Some of the witnesses claimed their personal details were fraudulently used to get the contracts while junior staff at the power utility company also described the illegal tricks used by their managers, leading to the loss of Sh159 million.
Some of the dealings included cases of companies getting contracts without having qualifications to deliver services, employees awarding themselves contracts through their private companies, irregular signing of tender documents and one individual registering more than 10 companies to bid for tenders.
In one instance, a primary school dropout from Murang’a who earns a living washing people’s clothes said she did not understand how her name and phone number were linked to one of the companies that benefited.
Mary Muthoni Githinji, 22, said in her witness statement that she was surprised when investigators asked how her telephone number appeared as a contact for Encom Limited.
“I am a Class Five dropout and don’t understand what the contract was about. I have never engaged in any business since I dropped out of school as I stay at my rural home in Kagaa, Murang’a, as a housewife and also wash clothes for people for payment,” said Ms Githinji.
Her statement is among those being relied on by the DPP to prove the case against suspended Kenya Power Managing Director and Chief Executive Officer Ken Tarus, who has been accused of abuse of office and conspiracy to defraud Sh159,195,364 through illegal tenders for labour and transport.
Mr Tarus was charged alongside a former finance manager, Harun Karisa, the general manager for networks, Daniel Tare, and the general manager for supply chain, Daniel Muga. Others were tender committee members Benard Muturi, Evelyne Amondi, Noah Omondi, John Njehia and James Muriuki.
The prosecution has stated that the accused conspired to irregularly award the multi-million shilling contracts for labour and transportation to companies that had no qualifications.
Another witness, Moses Werunga, who is a cleaner from Nakuru, told investigators that he did not understand how his details were acquired by Dynowatt Investment Ltd to get a contract from Kenya Power.

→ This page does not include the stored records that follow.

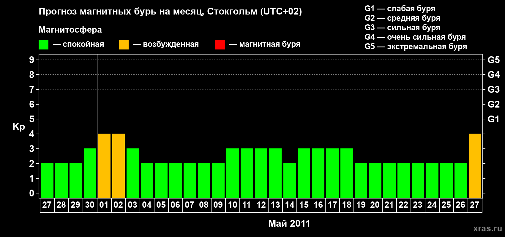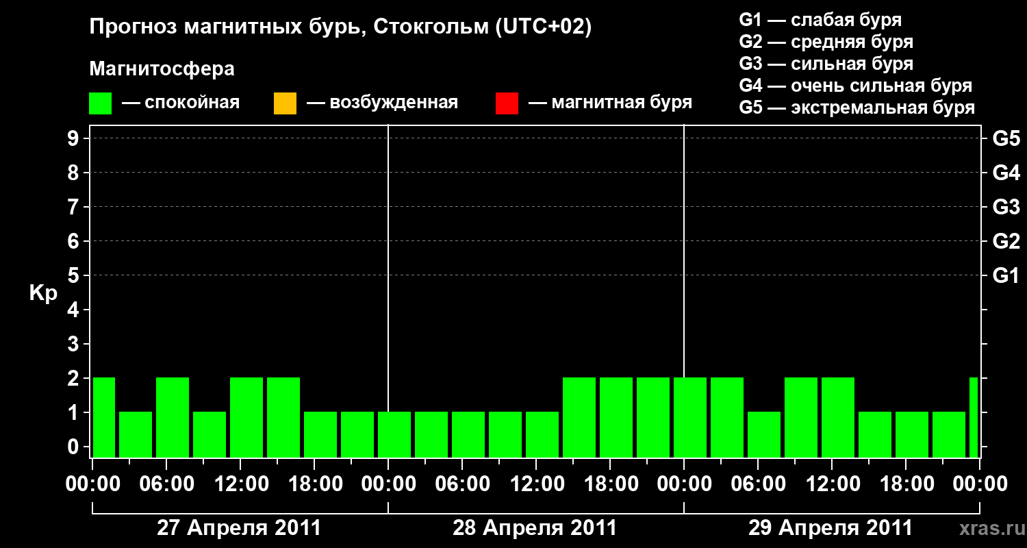 Прогноз магнитных бурь в Стокгольме — 27 апреля 2011 года
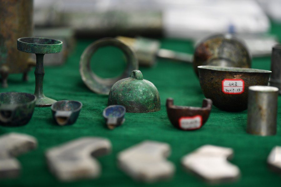 Photo taken on Dec. 16, 2021 shows cultural relics unearthed from the large-scale mausoleum and the mausoleum of Empress Dowager Bo, mother of Emperor Wendi of the Western Han Dynasty (202 BC-AD 25), in northwest China's Shaanxi Province. (Xinhua/Zhang Bowen)
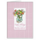 Stuur je babysitter een speciaal boeket met zegeningen dit paasseizoen! De zachte roze achtergrond zet de bloemen van het konijnenhuis af.
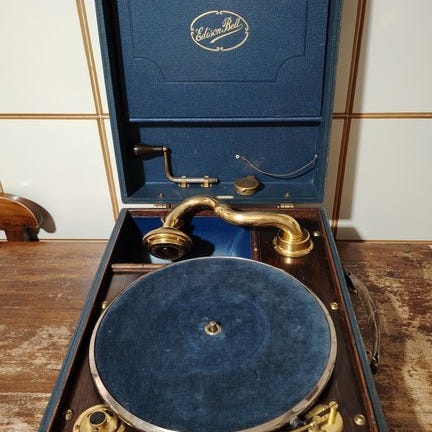 Denne model « Gem » tegnet af Edison er en lille phonograf med inkluderet udvendigt horn og fjederdrevet motor, og den blev markedsført af Edison-firmaet allerede i 1899 for at bekæmpe konkurrenternes billige produktioner; dens udbredelse var verdensomspændende.
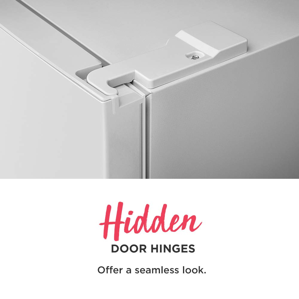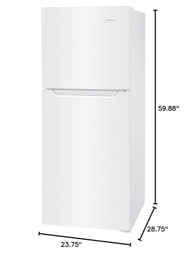 The Frigidaire 11.6 Cu. Ft. Top Freezer Refrigerator in white is great for smaller kitchens with a compact size, measuring 23.75”w x 28.75”d x 59.875”h. Depth with door open 90 degrees is 50.75”. This refrigerator has a sleek, seamless look with hidden door hinges and the door can be installed to open left or right based on your needs. It's easy to keep food organized with 2 adjustable glass shelves, 2 clear crisper drawers, clear door storage bins, and bright LED interior lighting. The freezer has 1 adjustable glass shelf and 2 clear door bins. The electronic temperature controls make it easy to adjust the temperature and provide more precise temperature control than a knob. Refrigerator is ENERGY STAR Certified, CSA Listed, and ADA Compliant.

“I have never heard of or known the company my entire life and do not know how my details were used to secure the tender from Kenya Power,” said Mr Werunga.
Kenya Power’s general manager for internal audit, Charles Cheruiyot, said in his statement that his office received information that some employees owned the companies that were trading with the power utility firm, and that their investigations unearthed the details that led to the charges.
According to Mr Cheruiyot, 67 companies that were awarded contracts were owned by the power firm’s directors while 39 were given jobs despite being incorporated after the tenders for labour and transportation had been issued.
“We found that nine firms had key employees being Kenya Power staff and the decision of the tender evaluation committee to include them and evaluate their bids was inappropriate. We also found that more than 67 per cent of the companies did not meet the required qualifications,” Cheruiyot said.
He also stated that the tender documents were signed by two people when the regulations demanded that they be signed by three managers.